Spenser is stretching.

Quotes from Casablanca are more familiar: “Of all the gin joints” etc.

Spenser will need help to protect the congresswoman and naturally enlists his old buddy Hawk, a fearsome creature who operates on both sides of any line. When asked to help, Hawk inquires, “Infliction or protection?” It’s all work to Hawk!

As readers of whodunnits will recognize, tensions can run high between P.I.’s and local police, but everybody dislikes the feds, FBI especially. The feds always seem to have a separate agenda. and don’t cooperate properly.

 Boston PD makes it a point to get to crime scenes first. The feds are late because “they must’ve been having their daily haircut and shoulder rub.” How can you spot a fed every time? “Cheap shoes and expensive haircuts.”

 Always.

In the course of the action, repeated attempts are made on CRG’s life, each thwarted in whole or part and, finally, Spenser sifts through the various levels of creeps to end the threat—for the moment.

We are in a time of increased domestic terrorism. As one of the feds puts it: “Keeping these assholes down is starting to feel like a game of Whac-A-Mole.”
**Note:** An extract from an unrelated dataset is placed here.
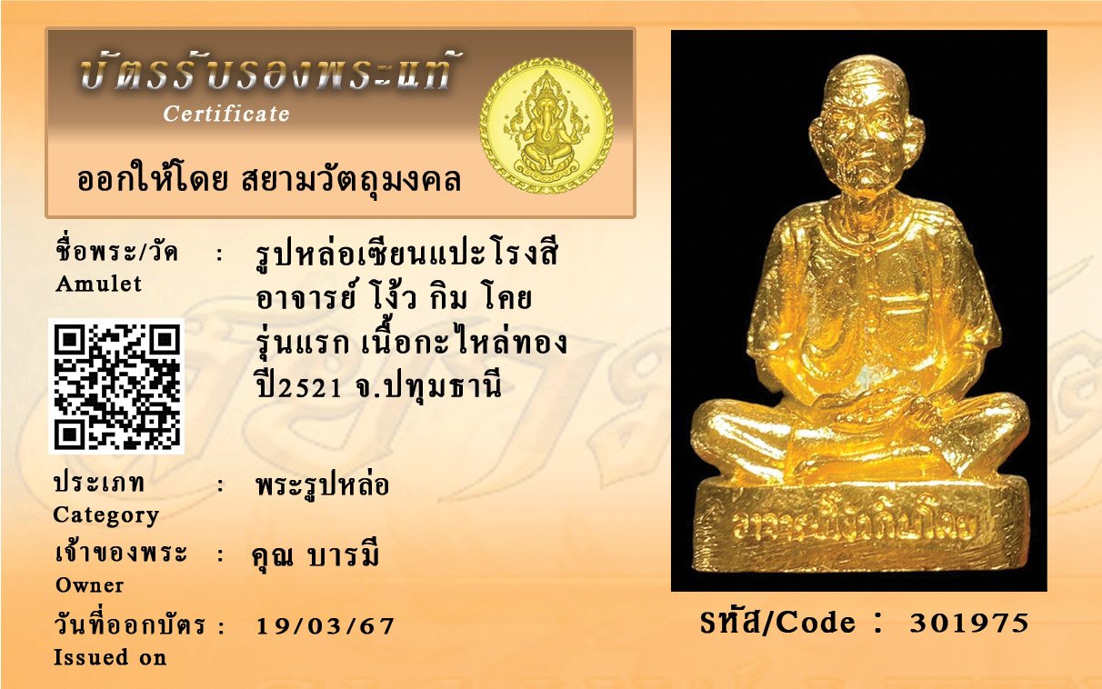 รหัสสินค้า : 301975 รูปหล่อเซียนแปะโรงสี อาจารย์ โง้ว กิม โคย รุ่นแรก เนื้อกะไหล่ทอง ปี2521 จ.ปทุมธานี
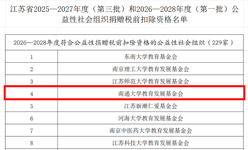 近日,江苏省财政厅、国家税务总局江苏省税务局、江苏省民政厅联合发布《关于江苏省2025—2027年度(第三批)和2026—2028年度(第一批)公益性社会组织捐赠税前扣除资格名单的公告》,我校教育发展基金会获得2026—2028年度公益性捐赠税前扣除资格。

Don Noble’s newest book is Alabama Noir, a collection of original stories by Winston Groom, Ace Atkins, Carolyn Haines, Brad Watson, and eleven other Alabama authors. 

Don Noble , Ph. D. Chapel Hill, Prof of English, Emeritus, taught American literature at UA for 32 years. He has been the host of the APTV literary interview show "Bookmark" since 1988 and has broadcast a weekly book review for APR since November of 2001, so far about 850 reviews. Noble is the editor of four anthologies of Alabama fiction and the winner of the Alabama state prizes for literary scholarship, service to the humanities and the Governor's Arts Award.